Euclidean algorithm matrix proof

Question

Suppose that $a$ and $b$ are positive integers with $a\geq b$. Let $q_i$ and $r_i$ be the quotients and remainders in the steps of the Euclidean algorithm for $i=1, 2, ..., n$, where $r_n$ is the last nonzero remainder.

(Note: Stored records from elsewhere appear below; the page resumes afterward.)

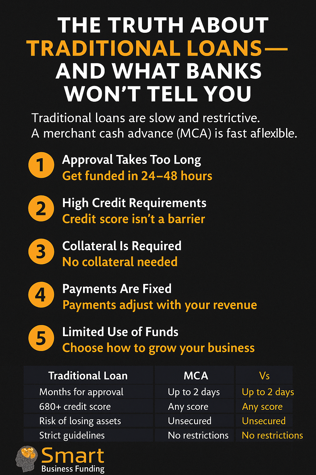 | Feature | Traditional Loan | MCA (Smart Business Funding) |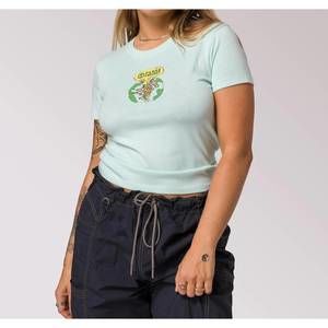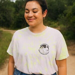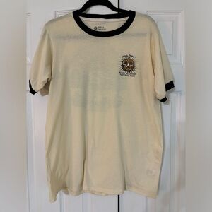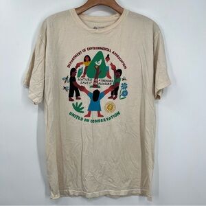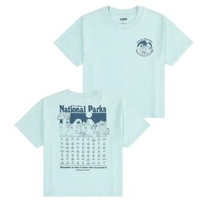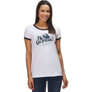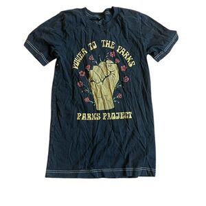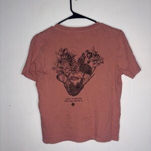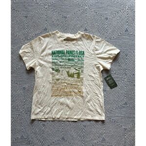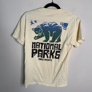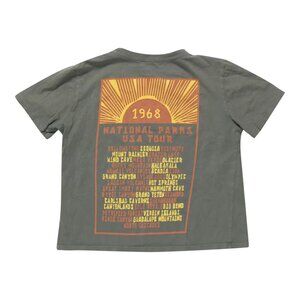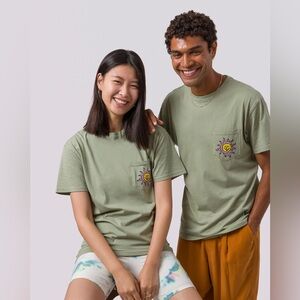 Short sleeve tee by Parks Project. Olive green with orange logo on chest. Comfortable and casual style.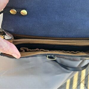• Antique brass-tone exterior hardware & 1 zip pocket
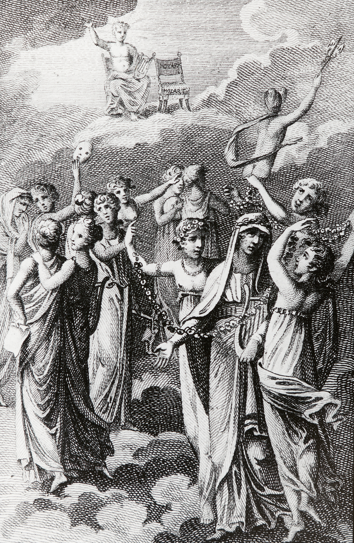 Eine Zeichnung, die den Himmel zeigt. Im Hintergrund erkennt man am freien Sessel die Aufschrift "Mozart". Hier soll vermutlich der Tod des Komponisten und seine Empfägnis im Himmel dargestellt werden.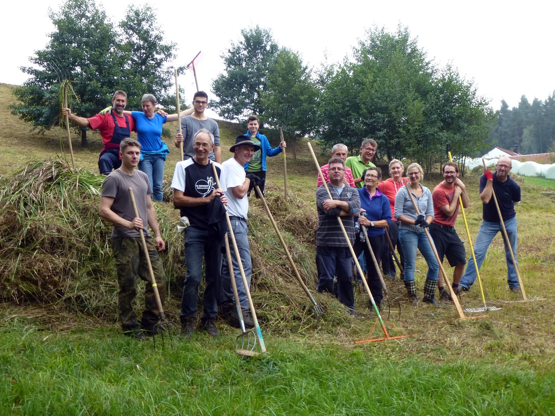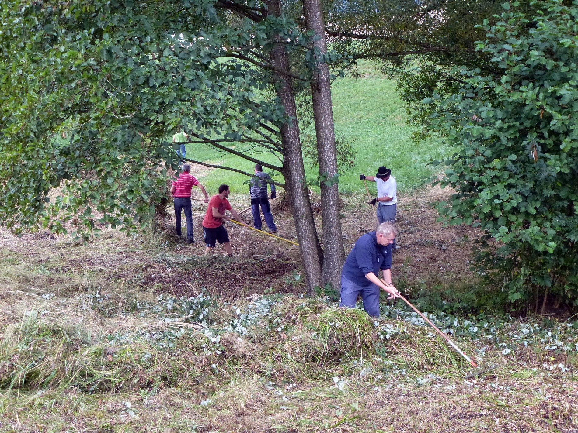 Über mehrere Tage hinweg wurde mit Balkenmäher und Motorsense vorab gemäht. Am Samstag, den 26. September wurde von zahlreichen freiwilligen Helfern das Schnittgut mit Rechen und Gabeln an den Rand der Feuchtfläche getragen und zum Abtransport gelagert.

Let $Q_i = \begin{bmatrix} q_i & 1 \\ 1 & 0\end{bmatrix}$ and $Q=\prod_{i=0}^{n} Q_i$. Show that $\begin{bmatrix}a \\ b\end{bmatrix} = Q\begin{bmatrix}r_n \\ 0\end{bmatrix}$

I really have no idea how to tackle this. A relevant theorem may be Bezout's Theorem:

gcd$(a, b)$ is the smallest linear combination of $a, b$, that is, $gcd(a,b) = $ min$(sa+tb)$

Answer 1

Note that$$\begin{bmatrix}a\\b\end{bmatrix}=\begin{bmatrix}bq_1+r_1\\b\end{bmatrix}=\begin{bmatrix}q_1&1\\1&0\end{bmatrix}.\begin{bmatrix}b\\r_1\end{bmatrix},$$that$$\begin{bmatrix}b\\r_1\end{bmatrix}=\begin{bmatrix}r_1q_1+r_2\\r_1\end{bmatrix}=\begin{bmatrix}q_2&1\\1&0\end{bmatrix}.\begin{bmatrix}r_1\\r_2\end{bmatrix},$$and so on…

Answer 2

Use induction on the number of steps: if the algorithm starts with \begin{align} a&=q_1b+r_1& \dots&\dots\\ b&=q_2r_1+r_2 & r_{n-2}&=q_n r_{n-1}+r_n\\ &\dots\dots& r_{n-1}&=q_{n+1}r_n \end{align} by the induction hypothesis, we have $$\begin{bmatrix}b\\r_1\end{bmatrix}=\prod_{i=2}^n Q_i, \quad\text{and }\quad\begin{bmatrix}a\\b\end{bmatrix}=Q_1\begin{bmatrix}b\\r_1\end{bmatrix}.$$